**Material to process**
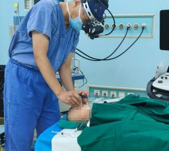 情况危急,刻不容缓。眼科迅速联系麻醉科、介入手术室,启动多学科联动。经过紧张筹备,患儿在全麻下接受“间接检眼镜下视网膜激光光凝术”,以干预组织视网膜脱落,保全视力。这台手术由眼科主任荣军博主刀。由于患儿瞳孔极小,视网膜极其脆弱,血管纤细,手术操作空间极为有限,对医生的精准度和稳定性提出了极高要求。在手术中,荣军博手持激光探头,在视网膜无血管区精准施以近千个激光光凝点,有效抑制了异常血管的增殖。整台手术持续数小时,直至当晚7点多才顺利结束。
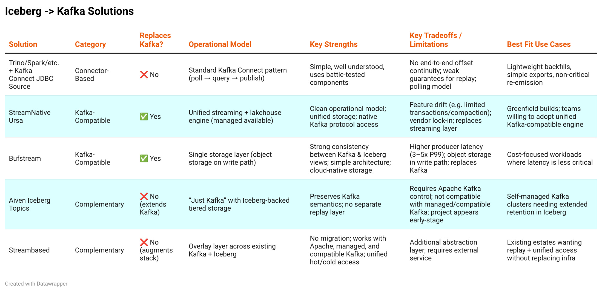 An in-depth comparison of today's solutions to the expanding Iceberg to Kafka market.
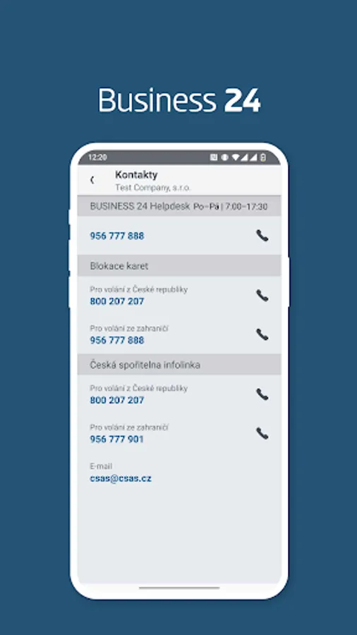 Application BUSINESS 24 Mobile Bank enables our business clients to access their business accounts.
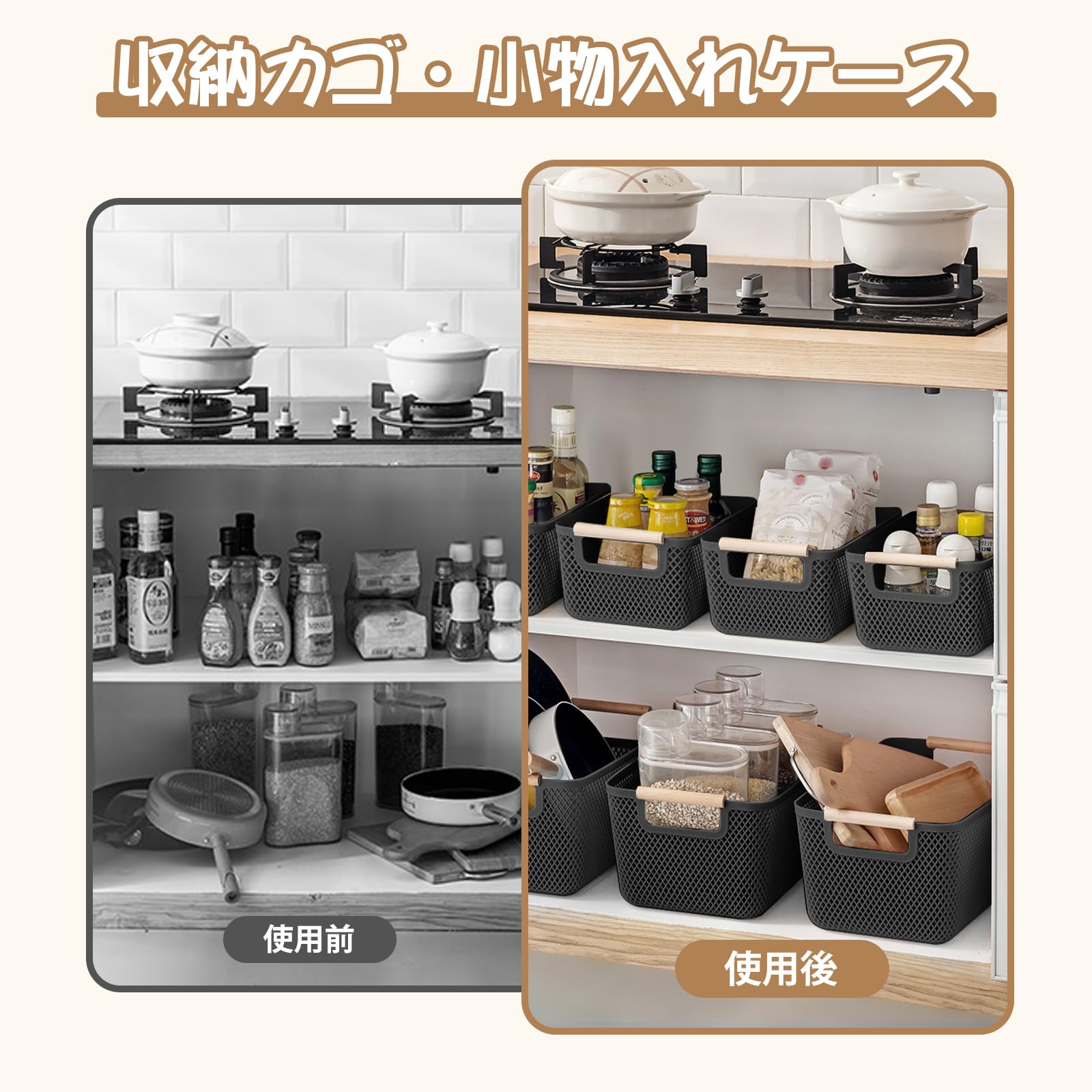 RAIN QUEEN 収納カゴ 収納ボックス 小物入れケース 白 プラスチック ポリプロピレン 収納バスケット 8個セット 雑貨整理 卓上収納 取っ手付き 小物 整理整頓 クローゼット 押入れ/洗面所/リビング/キッチン収納
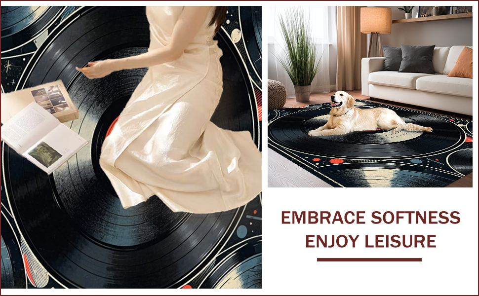 Ultra Soft Area Rug, Non Slip, Stain Resistant, Washable Area Rugs for Living Room, Bedroom, Contemporary Elegant Circular Motif(Black) Overview:
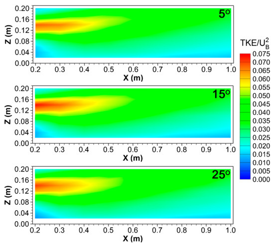 The influences of the roof slope on the air turbulence, denoted by the turbulence intensity (TI) and dimensionless turbulent kinetic energy (TKE/), with respect to the downwind distance from the building (X) at heights (Z) of 0.02 m, 0.06 m, and 0.12 m are described in Figure 13. A considerably higher TI was found at X of 0.2 m–0.4 m for Z of 0.02 m and 0.06 m, where the air vortex was formed in the wake as depicted in Figure 9. The highest TI was observed in the most downward roof structure (i.e., roof slope of 25°), which was attributed to an enhanced disturbance of the roof to the airflow. At Z of 0.12 m, the TI had lower values compared with Z of 0.02 m and 0.06 m, and decreased slowly with distance from the building. The influence of the roof slope on the TI was negligible when the distance from the building exceeded 0.5 m (i.e., 3.8ZB) (Figure 13a). The highest TKE/ occurred at Z of 0.12 m and decayed gradually away from the building. Even though the roof slope had a big impact on the TI, no notable differences were observed among different roof slope cases for TKE/, indicating that the variations in the leeward roof slope might have little influence on the turbulent kinetic energy of the airflow downwind the building. The same TKE/ values for different cases implied that the velocity fluctuations, as explained by Equation (3), were not affected by the roof slope. However, the velocity magnitude (V2D), which was calculated from the U and W velocities (Equation (1)) were affected by the roof slope, as seen in Figure 10. According to Equation (2), TI was calculated as the ratio of the square root of TKE to V2D. Therefore, different TI values were observed among different roof slope cases although the same TKE/ occurred.
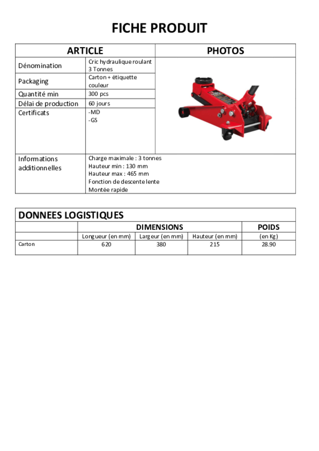 Cric hydraulique 3 tonnes
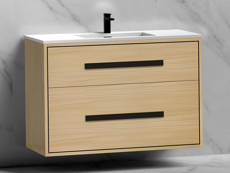 Crafted from solid wood, these drawers feature meticulous dovetail corners and a warm, inviting appearance. They are available exclusively with Natural Oak and Natural Walnut finish vanities.
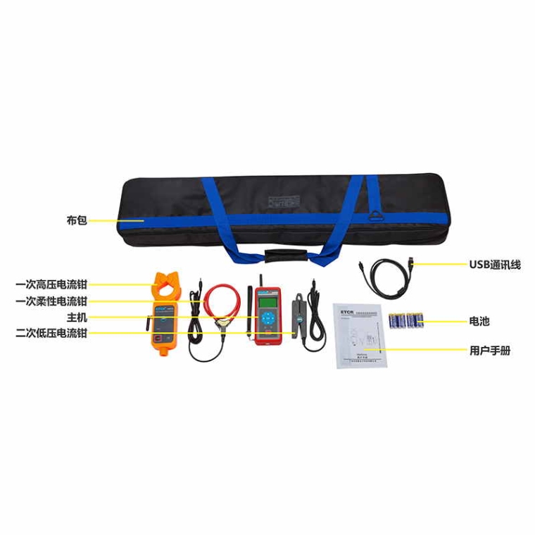 随机附件 | 主机:1件;一次高压电流钳:1件;一次柔性电流钳:1件;二次电流钳:1件; USB专用通讯线:1件;伸缩绝缘杆:1根;电池LR03:8个;工具包:1件 |
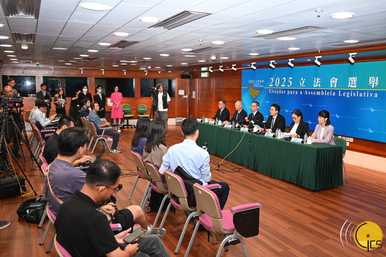 大公文匯全媒體報道,7月15日,澳門立法會選舉管理委員會舉行工作會議,並於會議後舉行新聞發布會公布查核結果。立法會選舉管理委員會主席盛銳敏宣布,按照維護國家安全委員會14日致送選管會的審查意見書,「澳門創建民生力量」候選名單中,6名候選人黃德來、梁小玉、謝明霖、周志輝、魏家鳯、馮啓豪,以及「傳新力量」候選名單中,6名候選人林宇滔、甄慶悅、謝伊琪、蕭盈榮、陳俊明、張奕聰不擁護基本法,不效忠中華人民共和國澳門特別行政區,故選管會對這12人作出不符合候選資格的決定。
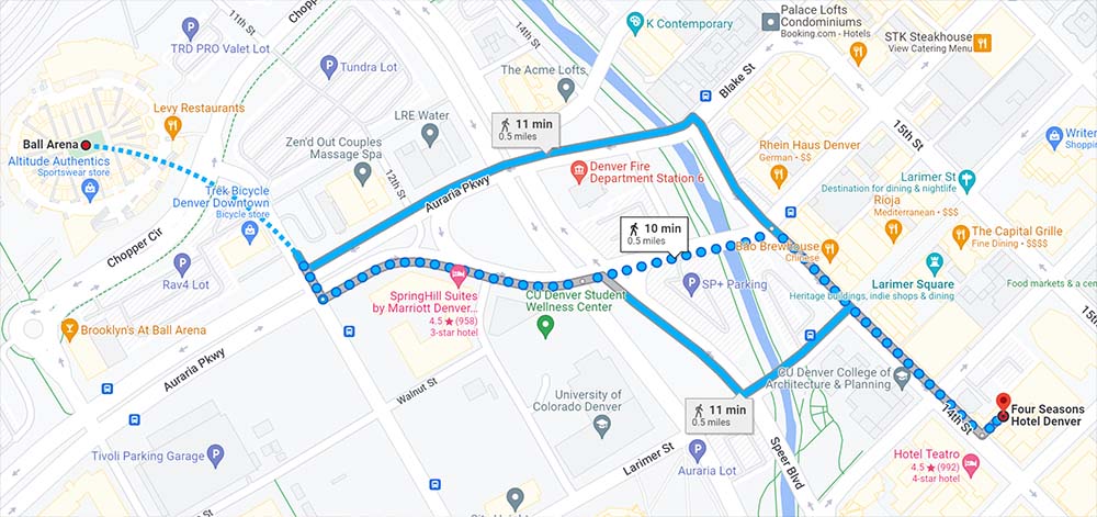 Located only 0.5 miles (0.7 km) away from Ball Arena, you can get there by foot in about 10 minutes.
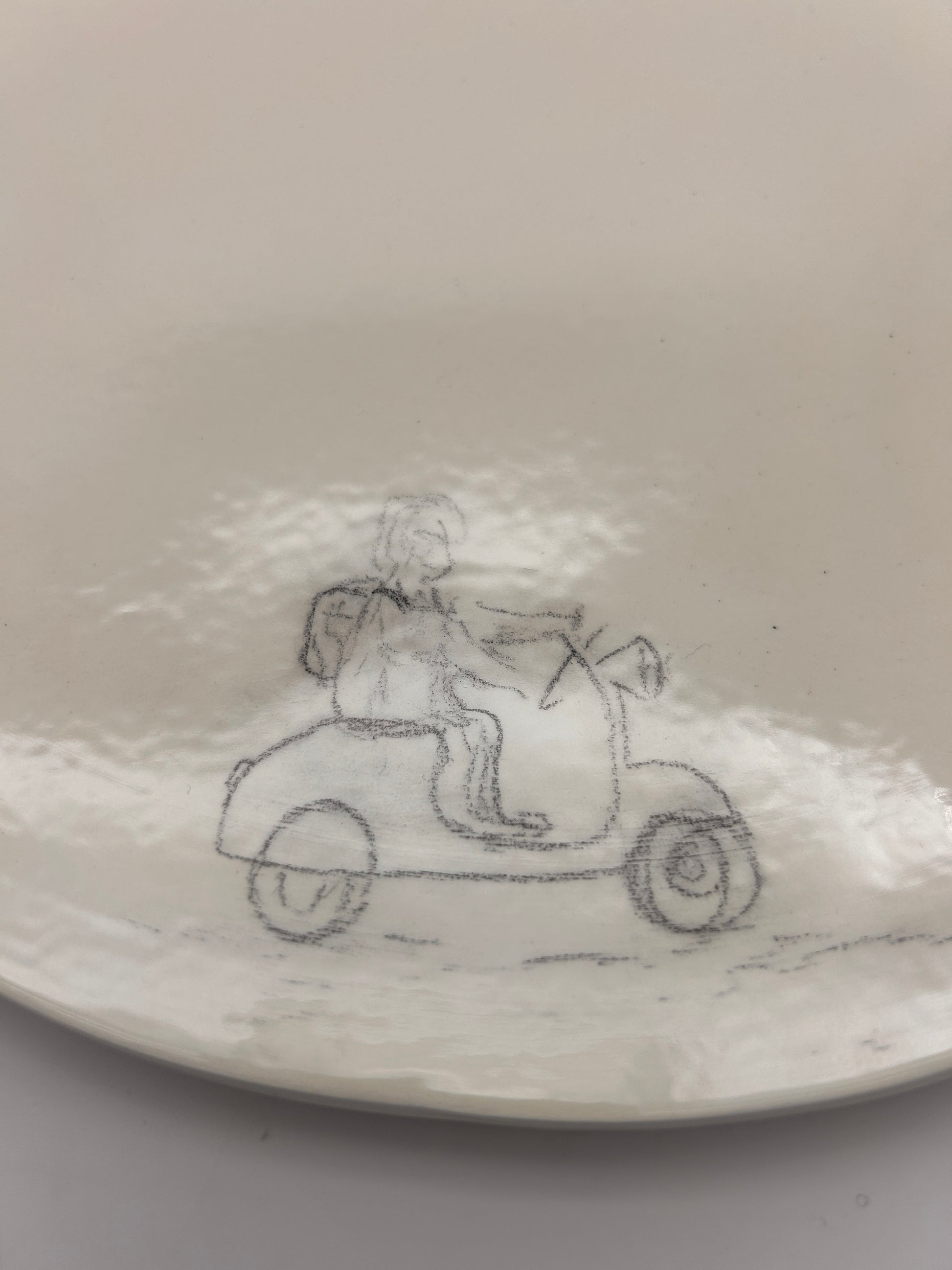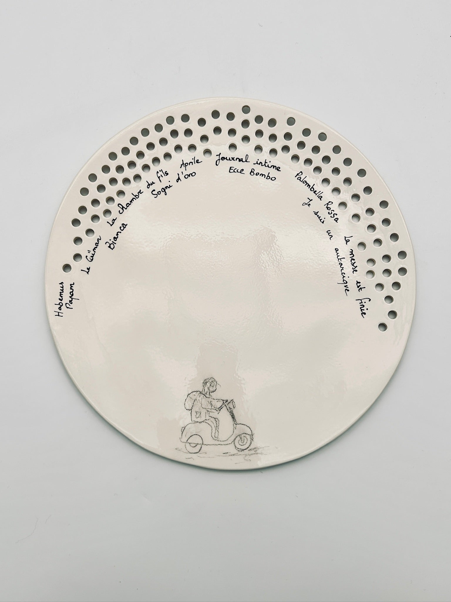 Assiette en céramique "scooter", diner "Nanni Moretti", Festival de Cannes, Sinicropi, 2012
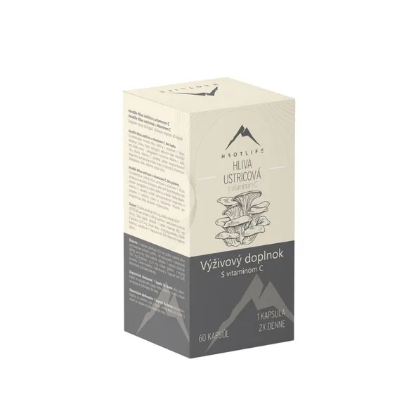 Hrotlife Hliva ustricová s vitamínom C 60cps. obsahuje širokú škálu biologicky aktívnych látok dôležitých pre zdravie - betaglukány, hubovú vlákninu a další. Vďaka obsahu vitamínu C pomáha udržať obranyschopnosť organizmu a prispieva k zníženiu únavy a vyčerpania.
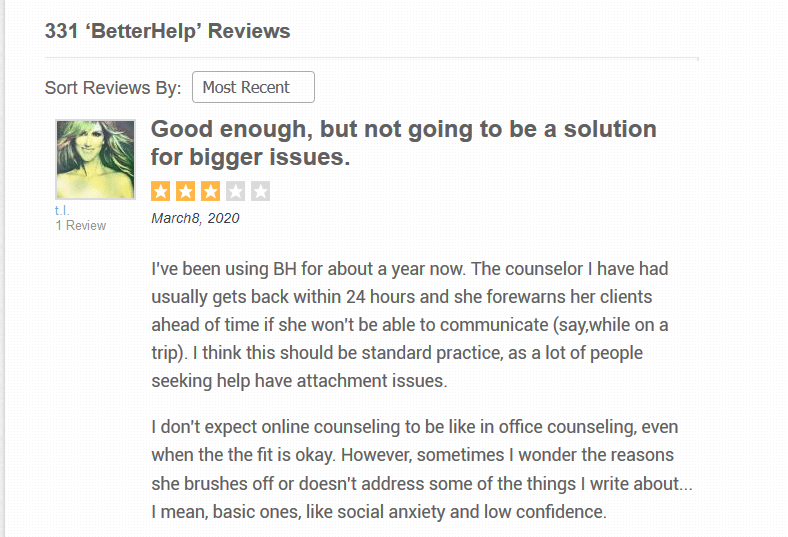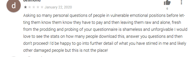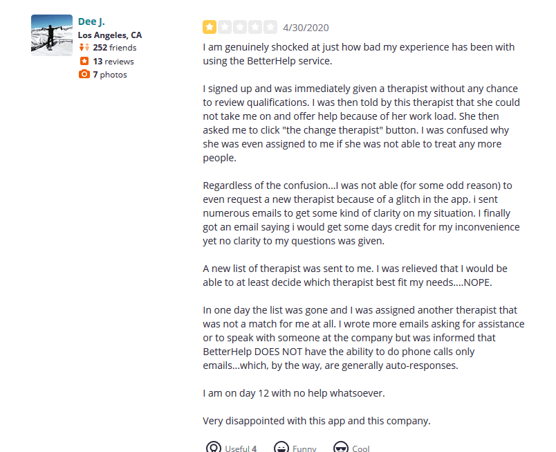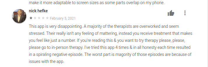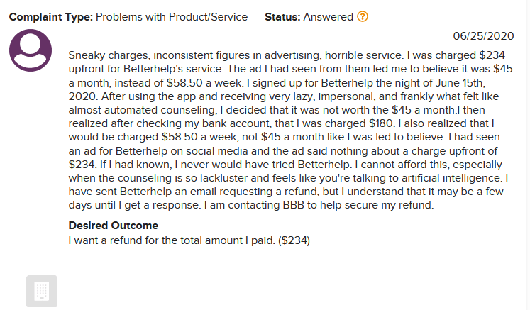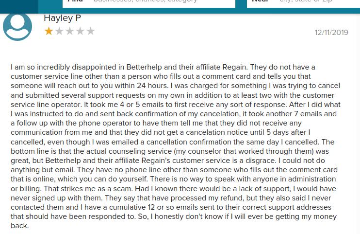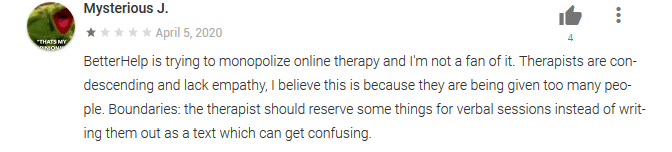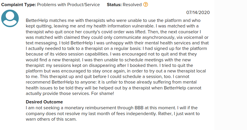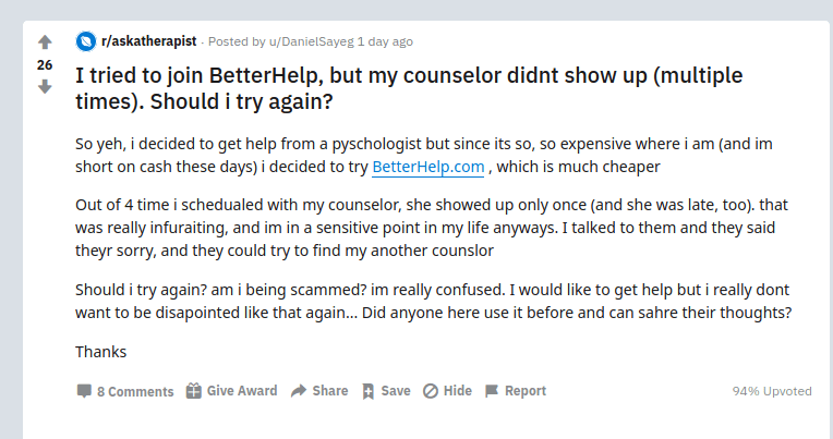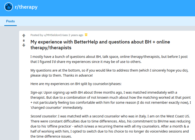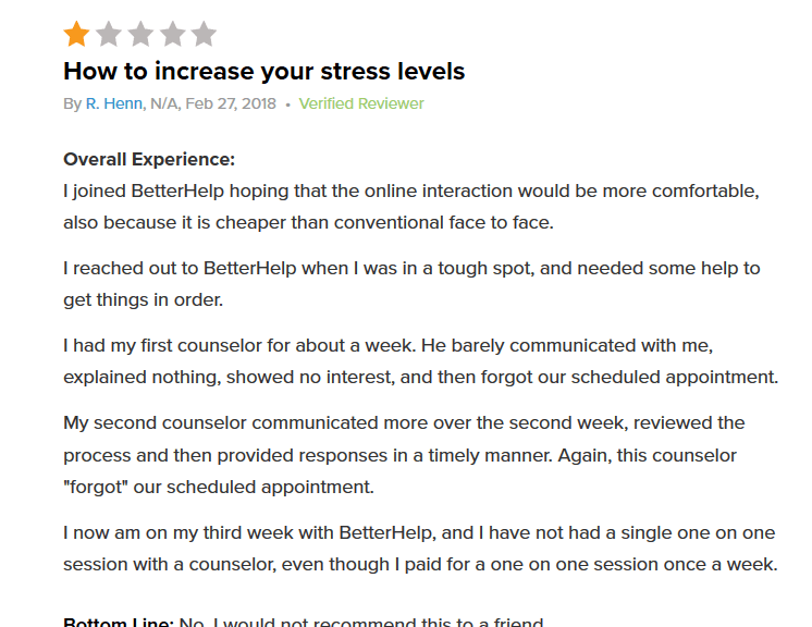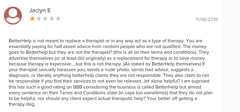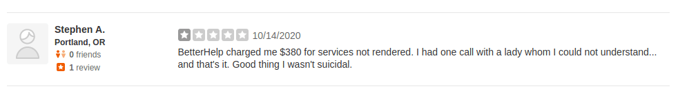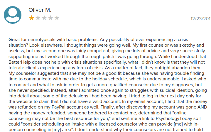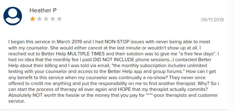 Sadly, for some, BetterHelp was their first experience of therapy (even when it clearly isn’t therapy at all). Ergo the reviews stating it had taken a lot of courage to seek help in the first place, only to be rejected abruptly or scammed, or both. And to those mentioning the experience, it had been too disappointing to seek help again.
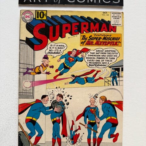 Giant Superman Annual, første udgave fra DC Comics, tegneserie med Curt Swan, nr. 4, hæftet binding, én genstand, i meget god stand, fra 1961. Klik på den blå "gå til varen" knap, for at købe eller byde på denne vare. Den samlede pris vil blive vist inden du afgiver dit bud.

**Action item**
Every line from the first line of the entries above through the line with "Ultra Soft Area" must be repeated exactly, and pictures must not be.

**Problem solution**
 情况危急,刻不容缓。眼科迅速联系麻醉科、介入手术室,启动多学科联动。经过紧张筹备,患儿在全麻下接受“间接检眼镜下视网膜激光光凝术”,以干预组织视网膜脱落,保全视力。这台手术由眼科主任荣军博主刀。由于患儿瞳孔极小,视网膜极其脆弱,血管纤细,手术操作空间极为有限,对医生的精准度和稳定性提出了极高要求。在手术中,荣军博手持激光探头,在视网膜无血管区精准施以近千个激光光凝点,有效抑制了异常血管的增殖。整台手术持续数小时,直至当晚7点多才顺利结束。
 An in-depth comparison of today's solutions to the expanding Iceberg to Kafka market.
 Application BUSINESS 24 Mobile Bank enables our business clients to access their business accounts.
 RAIN QUEEN 収納カゴ 収納ボックス 小物入れケース 白 プラスチック ポリプロピレン 収納バスケット 8個セット 雑貨整理 卓上収納 取っ手付き 小物 整理整頓 クローゼット 押入れ/洗面所/リビング/キッチン収納
 Ultra Soft Area Rug, Non Slip, Stain Resistant, Washable Area Rugs for Living Room, Bedroom, Contemporary Elegant Circular Motif(Black) Overview:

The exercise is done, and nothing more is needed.